### Problem
Repeat only the lines from the one containing "It is just white" to the final line below, exactly as they read, and leave every picture out.

BEGIN

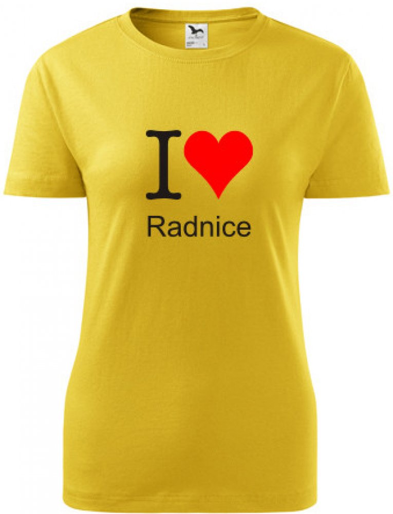 Žluté dámské tričko I love Radnice. nabízené velikosti jsou S,M,L,XL,XXL. Výběr z 12ti barev. Tričko patří do kategorií Trička I love - města ČR dámská, . Technologie potisku: Tisk na tričko je realizován pomocí termolisu a potisk je velice trvanlivý.
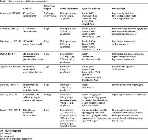 Ved søgning i MEDLINE (søgeord: corticosteroids, prednisolone, dexamethasone, palliative care, terminal care, symptom control, painogcancer ) suppleret med manuel søgning fandtes otte randomiserede, kontrollerede undersøgelser (RCT), to prospektive, ikkekontrollerede og en retrospektiv undersøgelse. Dertil kommer et antal oversigter, specialartikler og pædagogiske tekster. De fundne artikler er indordnet i evidenskategorierne 1-4 i henhold til Ugeskriftets manuskriptvejledning.
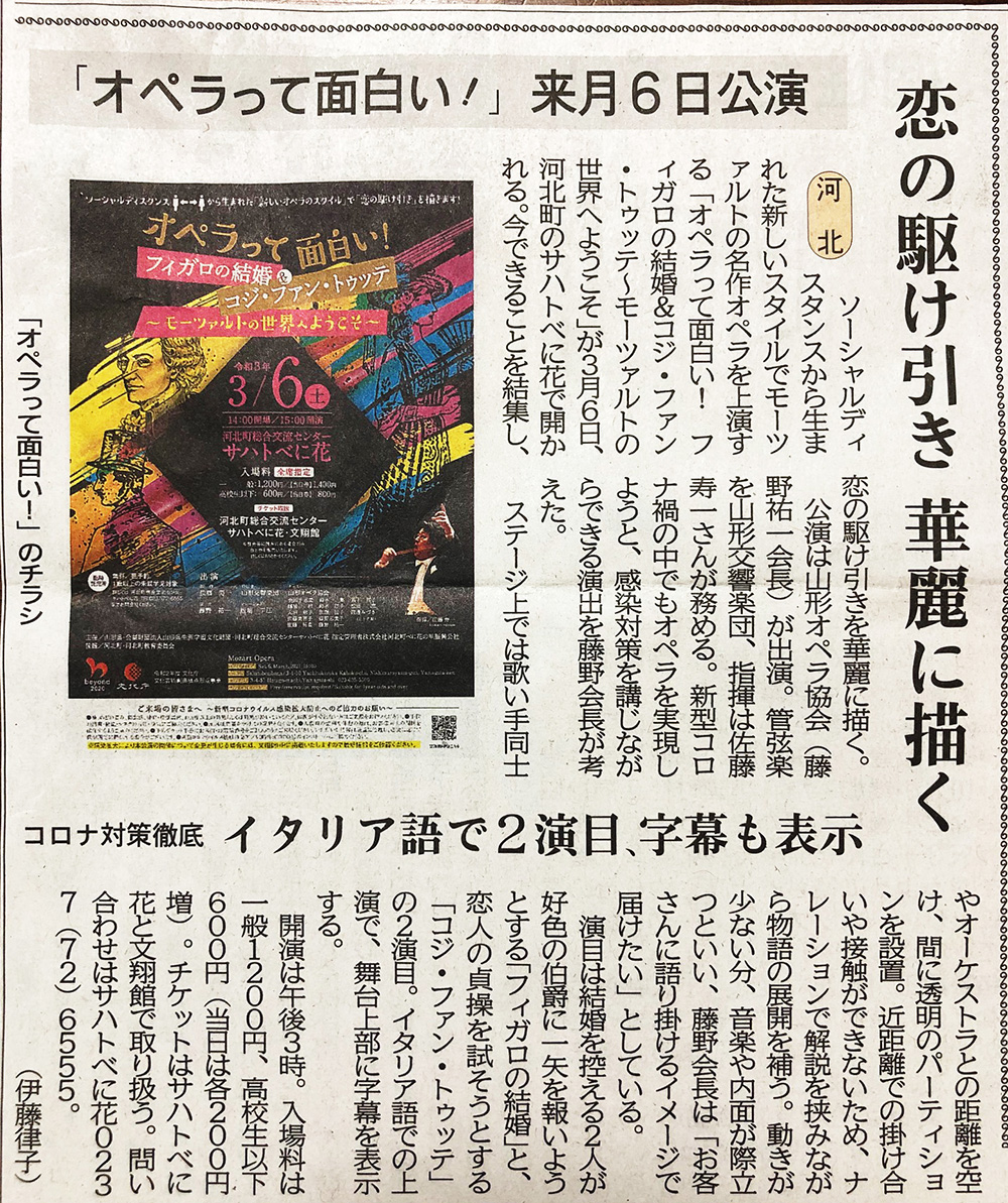 3月6日公演予定の「オペラて面白い!フィガロの結婚&コジ・ファン・トゥッテ〜モーツァルトの世界へようこそ」が山形新聞に掲載されました。(2021年2月28日)※画像をクリックすると拡大画像で記事が読めます
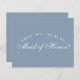 It is just white text on dusty blue background (a modern colour, popular for the bridesmaid dresses). The words Maid of Honour on the front and the message on the back are written in an elegant calligraphic script, the arched text "[Name] will you be my" above in small caps.
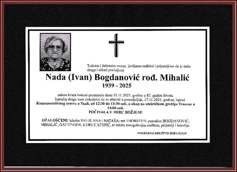 Ispraćaj pokojnika obavit će se u subotu, 22. novembra 2025. godine, od 12:30 do 13:00 ispred Komemorativnog centra Tuzla

END

### Exercise solution
 It is just white text on dusty blue background (a modern colour, popular for the bridesmaid dresses). The words Maid of Honour on the front and the message on the back are written in an elegant calligraphic script, the arched text "[Name] will you be my" above in small caps.
 Ispraćaj pokojnika obavit će se u subotu, 22. novembra 2025. godine, od 12:30 do 13:00 ispred Komemorativnog centra Tuzla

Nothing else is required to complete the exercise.